Encendió un cigarro y se subió el cuello del gabán. Escuchose el ruido de la llave al rechinar en la cerradura; después el arrastrar de pies de la celestina, que se alejaba, y después nada; un silencio de muerte posesionose de la calle. Clareaba. En la luz verdosa del amanecer, esfumábanse las casas en una vaguedad de ensueño. La muerte, victoriosa, parecía haber cruzado la ciudad, sumiéndola en una inexistencia sideral. Arriba, en el cielo, de un verde acuoso, se apagaba el globo esmerilado de la luna; abajo, en la calle, ni una puerta abierta, ni alma humana que transitara. Willy, parado en el umbral, sentía la tristeza infinita de las cosas y el presagio de los grandes dolores. Algo fatal que dormía en el fondo de su alma, como duerme la planta venenosa en el fondo de un estanque, acababa de despertar.
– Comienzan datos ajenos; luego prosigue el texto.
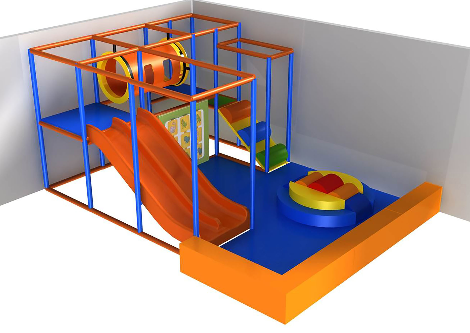 Pequeno parque infantil coberto ideal para academias, YMCAs, consultórios odontológicos, igrejas e creches.

Un carro pasó redoblante por el otro extremo de la calle, alegrándola con el tintineo de sus campanillas; un viejo somnolaba en lo alto, y un rapaz pelirrojo llevaba la mula de la brida, entonando una tonadilla:
Por la vida adelante
voy caminando;
penas y alegrías
me van llegando.
... ... ... ... ... ...
... ... ... ... ... ...
La tristeza sin límites de lo irremediable conturbó su espíritu.